O sentido do amor sentido

O sol nem havia chegado direito e eu já estava tomando o meu café com aquele pão de leite bem quentinho e a manteiga de garrafa que minha vizinha deixara para mim. Eu costumava acordar mais tarde, visto que, por muito tempo, adentrava a madrugada estudando para a conclusão do curso. Foi um período em que não desviei o foco e deixei muita coisa para depois, como o encontro com os amigos, comprar roupas e sapatos

para as poucas festinhas naquele lugar tão pacato. Tudo valeria a pena depois da festa de colação de grau. Eu não estava fazendo nenhum sacrifício, pelo contrário, eu fazia como um investimento. Sonhava com um lugar ao sol. No entanto, após passar essa fase, eu sentia que faltava algo mais, que existia um vazio quando eu olhava para o meu futuro.

Eu só não sabia como resolver aquele desafio, devido às minhas limitações e às possibilidades encontradas numa cidade pequena, com pouco mais de vinte mil habitantes, poucos recursos e o limitado mercado de trabalho.

Assim, passava o tempo: dias em que indagava o futuro, horas em que o planejava calmamente sentada na areia da praia. Naquele dia, em especial, ocupei-me de ir a um salão de beleza e de arrumar a roupa para uma festa. Bom gosto eu tinha, o que me faltava era grana. Com sorte, encontrei algo que veio de encontro ao meu perfil.

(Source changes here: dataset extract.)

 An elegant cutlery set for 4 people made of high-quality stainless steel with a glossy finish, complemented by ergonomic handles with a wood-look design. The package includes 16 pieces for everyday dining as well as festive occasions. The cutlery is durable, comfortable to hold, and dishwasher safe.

À noitinha, fui ao casamento do meu melhor amigo. Eu estava feliz e, apesar do momento e das boas companhias, aquela situação martelava na minha cabeça: eu sentia que a vida queria mais de mim. E ela corria depressa. Sentia que o tempo passava por entre meus dedos. Era preciso uma estratégia para içar os meus sonhos para longe dali e, assim talvez, mudar o mindset.

A Igreja estava lotada. Ao som da marcha nupcial, os noivos entraram. O padre já aguardava no altar e o casamento seguiu tranquilamente. Após a cerimônia, os convidados seguiram para o salão paroquial e ali fomos recebidos de forma aconchegante. Senti-me à vontade e, no fundo, culpava o amor-próprio por isso. Eu usava um vestido de cetim, na cor azul bic, com uma fenda que chamava à atenção. Embora não gostasse daquele tipo de roupa, a ocasião me incentivou para a ousadia. Meus

cabelos estavam arrumados, prendidos apenas por um grampo invisível e a maquiagem era bem leve.

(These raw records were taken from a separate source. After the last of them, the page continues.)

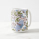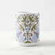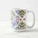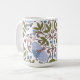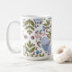 Cette tasse en céramique présente un motif dessiné à la main d'un papillon délicat et des motifs floraux dans de belles teintes bleu maïs et vert olive.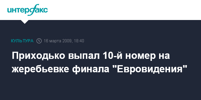 Москва. 16 марта. INTERFAX.RU - Певица Анастасия Приходько, которая будет представлять Россию на "Евровидении-2009", выйдет в финале на сцену десятой из 25-и участников финала.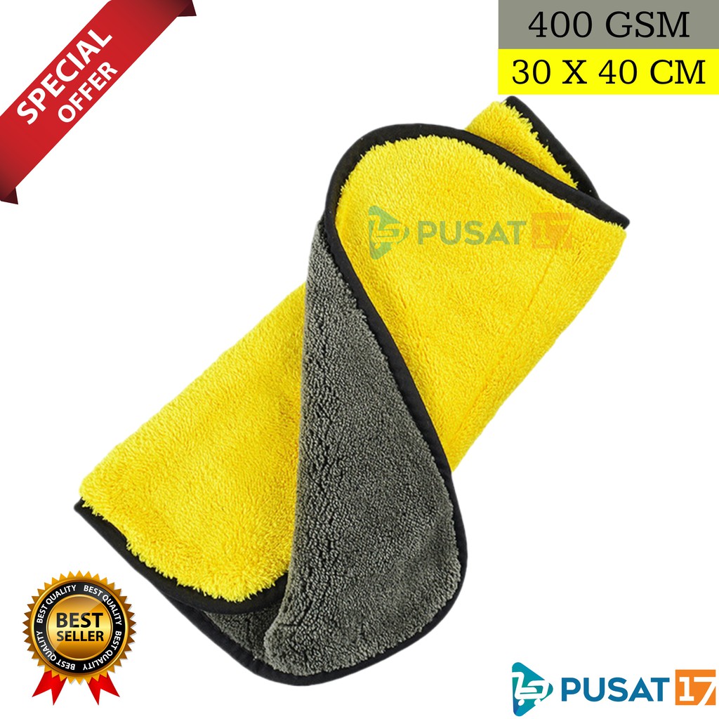 KAIN LAP MICROFIBER 400GSM 30X40CM KAIN LAP KUNING MOBIL MOTOR SERBAGUNA 2 SISI / OTOMOTIF TOWEL

Tudo corria serenamente até a hora do brinde aos noivos. Com as mãos ocupadas, uma com a taça de champanhe e a outra com o buquê da noiva, enquanto a mesma se preparava para fazer o corte do bolo, de repente fui surpreendida com um esbarrão de um homem que estava de costas para mim e, num gesto atrapalhado, derramou vinho no meu vestido. Ele percebeu o meu constrangimento. Era o padrinho dos noivos que fazia uma homenagem para eles naquele momento. Um homem alto, bem vestido, bonito e de um olhar penetrante. Olhou-me nos olhos, pediu desculpas pelo ocorrido e, sem que percebêssemos, nosso olhar se prolongou e nos tirou de tempo até sermos interrompidos

pelo garçom, que nos oferecia outra taça. Aceitei e, fui à toalete me recompor. Dispersos, fomos cada um para um lado naquele espaço, mas a figura do rapaz seguiu no meu pensamento e, por mais que eu tentasse, não conseguia esquecer o seu olhar.

Durante toda a festa, eu procurei evitar o contato dele, sempre me saindo das situações que nos aproximavam. Como eu estava no meio de muitos amigos, tinha sempre com quem conversar e isso nos manteve distante.

Quando terminou o cerimonial, os convidados iam saindo e caía uma chuva forte lá fora. A visibilidade do tempo era pouca e esfriava gradativamente. Como eu ainda não tinha um transporte para chamar de meu, acenei para o primeiro táxi que vi passando ali em frente. De imediato aquele carro parou e o motorista abriu a porta para mim.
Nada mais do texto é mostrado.